╭──

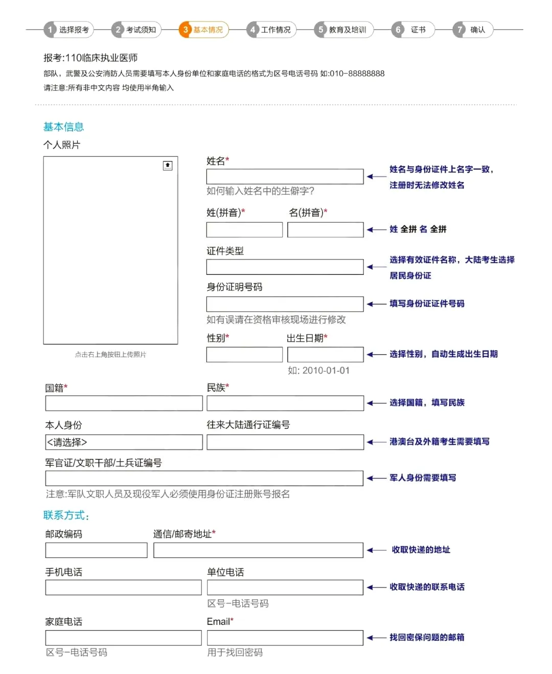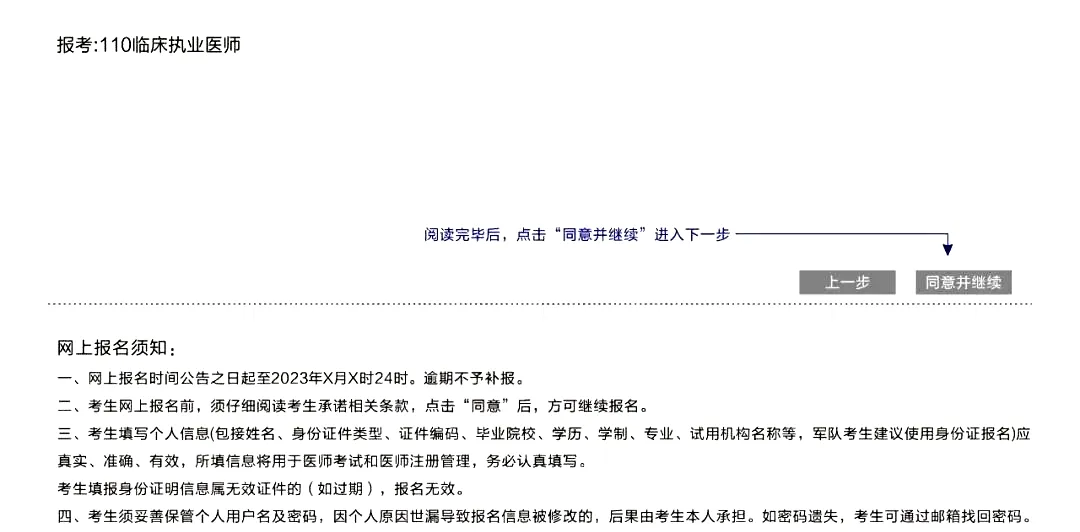 1.只填写并选择一个符合《医师报名规定》的学历;
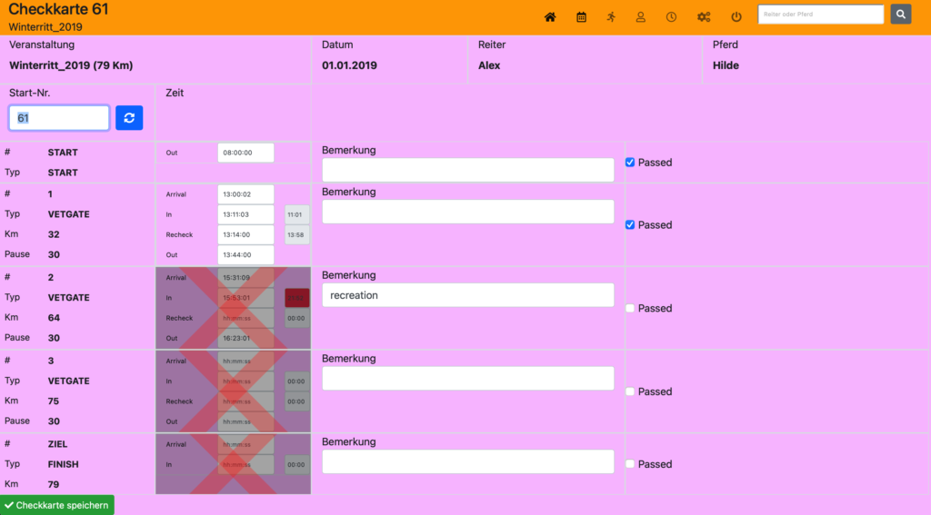Ein Ritt hat mehrere Kontrollpunkte. Das sind alle Punkte, die Werte auf der Scheckkarte haben (Vor- und Nachuntersuchung, Vetgates, Radar, etc.).
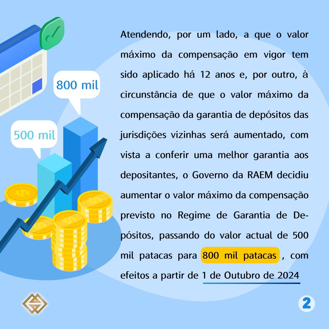 O limite do valor da compensação do Regime de Garantia de Depósitos será aumentado para 800 mil patacas, a partir de 1 de Outubro de 2024. Atendendo, por um lado, a que o valor máximo da compensação em vigor tem sido aplicado há 12 anos e, por outro, à circunstância de que o valor máximo da compensação da garantia de depósitos das jurisdições vizinhas será aumentado, com vista a conferir uma melhor garantia aos depositantes, o Governo da RAEM decidiu aumentar o valor máximo da compensação previsto no Regime de Garantia de Depósitos, passando do valor actual de 500 mil patacas para 800 mil patacas. Para o efeito, o novo Regulamento Administrativo intitulado “Limite do valor da compensação do Regime de Garantia de Depósitos” foi publicado dia 16 no Boletim Oficial da Região Administrativa Especial de Macau, que entrará em vigor no dia 1 de Outubro de 2024.
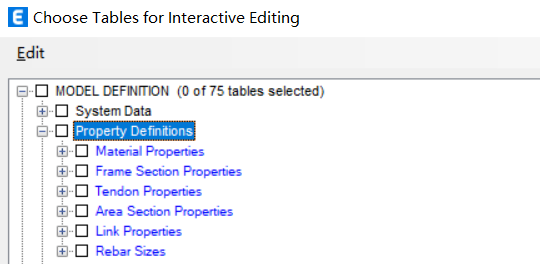 Definitions】,依次檢查材料、框架截面等屬性定義表格,查看是否存在屬性缺失的情況。
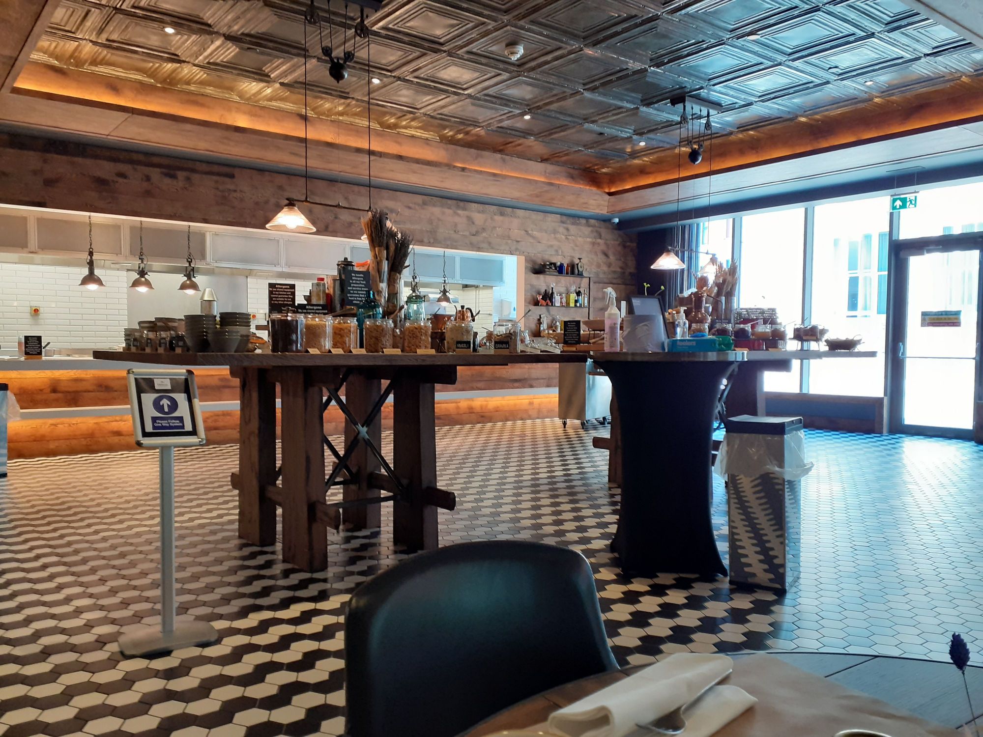 Cereal and pastry stations ( plus Haribo). Hot food serving area at the back
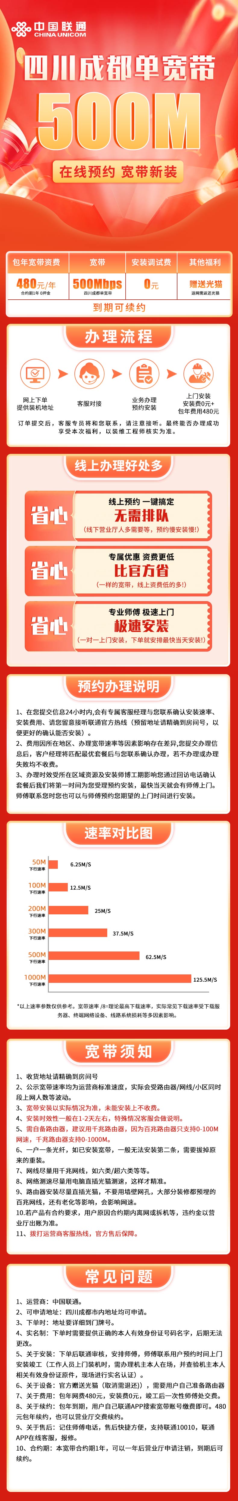 简单说:480元包年500M宽带,先预约后办理,不成功不收费
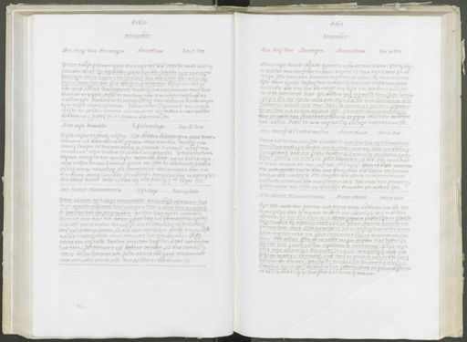 Ao. 1677: December Aen moeyj van Amerongen Amsterdam Den 5: Dito Weder t huys gekomen synde soo is myn wel beh uwEl Ed. miss. van dEd: passato, waer uyt wy hebben gesien dat het uwelEd niet onaengen soude syn, om te staen over den doop van het kindt het welcke wy' tegens Carst (soo het Godt belieft te gemoet sien. Wy syn verobligt om niet alleen dese present: dinckelyck aen te nemen, maer daer beneven te seggen uwel Ed. voor dese eere voor altydt verplicht te sullen syn versoeckende in gevalle sy van intentie soude mogen syn, selfs overtekoomen, als dan Haerlogement ten onsen Huyse te willen nemen als wanner wy nader occasie sullen hebben om VwElEd. te kumen betoonen Etc Aen myn beminde S: Gravenhage Den 18 Dito Beyde myne dochters sullen UEd: hebben bekendt gem wat diver, tissemt ick haer hier heb gegeven, waer door haer verblyf een wenig langer in dese quartiren is geweest: En dewyl monf. Tin mermans myn nevens de al hier aenwesende gedeputeerdens tegens morgen ter maeltydt versocht heeft: soo en sal ick myn niet eerder de eere kunnen geven om UEd. de handen te kusser als op aenst maendag als wanneer ick van intentie ben, om S ochtens vroea (soo het Godtbelieft) over Haerlem te verreys het werck van de vrde en doet sig miet qualyck op blyve, Etc. Aen suster Timmermans S Gr: Hage Den 19: Dito Desen avondt in s Hage arriverende, soo schryf myn soon, dat mijn waerde huyjsvrou dese morg en ten xuren seer voorspoedt is verlost van een jongedochter, sonder daer uyt te verstaen wanneer men haer den christelycken doop sal presenteren, syn de even wel van intentie dat sulcks aenst: woensdag, of Donderdat wel sal kunnen wesen. Ick heb van myn devour geacht te syn UEd sulcks te notificeren met intentie om afte wachten UEd: ordres ten reguarde van den presisen dag die ick wil verhoopen dat door UEd presentie sal werden vereerdt. Ick ben veroblig UEd te bedanckenvoor het polit, en seer obligant tractement met intentie om in alle voorvallen te bethoonen Etc Ao. 1677 December Aen Moeij van Amerongen Amsterdam Den 20: Dito Alsoo myn waerde huysvr: gisteren ochtendt ten 2 uren (Gode sy lof is verlost van een frisse dochter, soo heb ick van myn devoor geacht te syn UEd: daer van kennisse tegeven, en alsoo wy van intentie syn, haer aenst vrydag den schristelycken doop te presenteren soo soude het ons een besondere eere syn soo wanneer sulcks in UEd: presentie kost geschieden: Eoog ingevalle door UEd: in dispe (gelyck als wy uyt de miss van myn schout met leet wesen heb, verstaen) van de eere van uwEl Ed. presentie quamen gefrustie te worden. soo souden wy met UEd: : permissie) van intentie syn, haer de naem van Constantia Eliana te gegen. willende verhopen dat sulcks uwel Ed: niet ongevallig sal syn, ondertassen Etc. Aen monf. Wil van der Molen Amsterdam Den 21 Dito Desen sal dienen om UEd: bekendt te maecken, dat myn beminde op voorleden sondag ochtendt ten 10 ceren, met vry wat stribbeling en ongemack van een frisse dochter is koomen te verlossen: synde beyde (Godtlof, in redelycke goede dispositie, Ick heb UEd. mniss: vand 12: deses, nevens die van juf. Bax wel onof. waer ophaer aenstonde een antwoordt door de bode van Gornichem heb laten toe koomen soo dat het ormodig is UEd. wegens het addres te inportuneren sullende ondertuschen, naa presentatie van onse seer gedienstig gebiedenisse aen UEd: en desselfs beminde, en verdere EtC. Aen suster TTimmermans Amsterdam Den 21 Dito Uyt UEd: miss: van gisteren met regret verst hebbende, dat het UEd onmogelyck was de nieuwe dochter ten christelyck, doop te helpen optereren, en dat het haer niet onaen genaem soude syn, in gevall myn dochter by representatie sulcks quam waer te nemen soo salmen dan met UEd permiss: op aenst vrydag daermede voor gaen, met intentie om haer Constantia Eliana te noemen, ten ware UEd andere gedachten soude mogen hebben: naa de welcke wy ons seer garen sullen reguleren, de verlossinge (gelyck myn soon myn abusivelyck adviseerde) en is soo mackkelyck niet toe gegaen, maer ter contrarie, met veel ongemack, en stribbeling volbracht hoewel (godt lof, de moeden en dochter sig redelyck bevinden: die ick wil verhoopen dat Godt de Heere in gesonrheydt, en in alle schristelycke deugden sal laten op wassen

╰──

§ Assigned task
Skipping every picture, transcribe exactly the lines above from the one containing "O limite do" through the one containing "简单说:480元包年500M宽带,先预约后办理,不成功不收费", both included.

§ Completed task
 O limite do valor da compensação do Regime de Garantia de Depósitos será aumentado para 800 mil patacas, a partir de 1 de Outubro de 2024. Atendendo, por um lado, a que o valor máximo da compensação em vigor tem sido aplicado há 12 anos e, por outro, à circunstância de que o valor máximo da compensação da garantia de depósitos das jurisdições vizinhas será aumentado, com vista a conferir uma melhor garantia aos depositantes, o Governo da RAEM decidiu aumentar o valor máximo da compensação previsto no Regime de Garantia de Depósitos, passando do valor actual de 500 mil patacas para 800 mil patacas. Para o efeito, o novo Regulamento Administrativo intitulado “Limite do valor da compensação do Regime de Garantia de Depósitos” foi publicado dia 16 no Boletim Oficial da Região Administrativa Especial de Macau, que entrará em vigor no dia 1 de Outubro de 2024.
 Definitions】,依次檢查材料、框架截面等屬性定義表格,查看是否存在屬性缺失的情況。
 Cereal and pastry stations ( plus Haribo). Hot food serving area at the back
 简单说:480元包年500M宽带,先预约后办理,不成功不收费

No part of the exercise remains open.